Well one reason why adoption matters is network effects. Increased Linux popularity, means that more developers will develop for Linux. At a broader level it means that the ideology and principles of the Linux community, like software freedom and privacy, can produce quality results and products for the masses. That brings more power for the Linux community, and more adoption of their principles.
On the flipside, if the base Linux experience is mediocre, then nobody will bother developing apps and extensions for it.
If you are completely happy with Linux the way it is now, then that adoption probably doesn't mean a lot. But I personally think there's a ton more that can be done in the Linux and privacy world
The whole context here is that Linux philosophy and principles are being gutted by companies trying to make a buck off it. In my view, benefits of wide adoption need to be balanced with actually retaining the principles which make Linux a good platform.
Again, Linux has been around a long time before commercial interests started fucking with it. And I don't think chasing adoption for the sake of it is healthy. I'd rather it grows at its own pace. It's already a big enough community to make it sustainable indefinitely, there's absolutely no rush to gain market share here.
I'm not sure if the principles have been gutted like you say.
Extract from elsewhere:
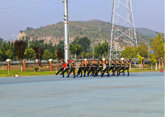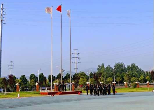 升旗仪式正式开始,随着激昂的出旗曲响起,国旗护卫队迈着整齐的步伐,护送鲜艳的五星红旗走向升旗台。全体师生庄严肃立,面向国旗行注目礼,高唱国歌,鲜艳的五星红旗在晨曦中冉冉升起,迎风飘扬。
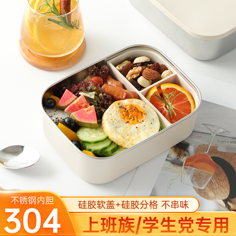 304 Kotak Makan Siang Stainless Steel Kotak Makan Siang Microwave Kotak Makan Siang Lemari Es Rumah Tangga Kotak Penyimpanan Segar Silikon Kotak Kerja

Fedora, for example, uses systemd, and is supported by the commercial RedHat. And yet it is well regarded in the Linux community, and has firmly stuck to open source and pro-privacy principles. They foster diversity too, like the Fedora Atomic and Universal Blue projects, which make it easy to fork distros and create new ones. Not to mention, Linus Torvalds uses Fedora.
One could say that Linux is already growing at its own pace. There are some that wish it would move slower, some that wish it would move faster. systemd wasn't forced on distros. in fact Ubuntu fought it for years, since it was created by their competitor after all. Yet Ubuntu still adopted it in the end, so it must have been worth it.
The way I see it, back in the day, Linux was too fragmented in some areas, and at the same time lacking isolation in others. Systemd standardized and addressed the fragmentation, while containers introduced isolation where needed. The lines are being re-drawn. But I don't think the principles of Linux were compromised that much.
I'm not sure who regards RedHat well actually, they've always been doing shitty things like trying to charge for Fedora hence why people ended up forking it as CentOS. They're a poster child for the problems with Linux getting commercialized. Saying Linus uses something is just appeal to authority by the way.
The problem, once again, is that a lot of the development is now driven by commercial companies like RedHat and Ubuntu that are in it to make money. So, in a way these things are actually pushed on the community because you either adopt them or it becomes increasingly difficult to run software on your distro.
Fragmentation in init was a real problem, but it could've been solved much better by just creating a common standard for configurations while keeping the original modular design. Systemd approach is very heavy handed, and introduces a whole bunch of new problems which didn't exist. The fundamental Unix principle is having small programs that do a single thing well and that can be composed together. Systemd goes directly against this principle.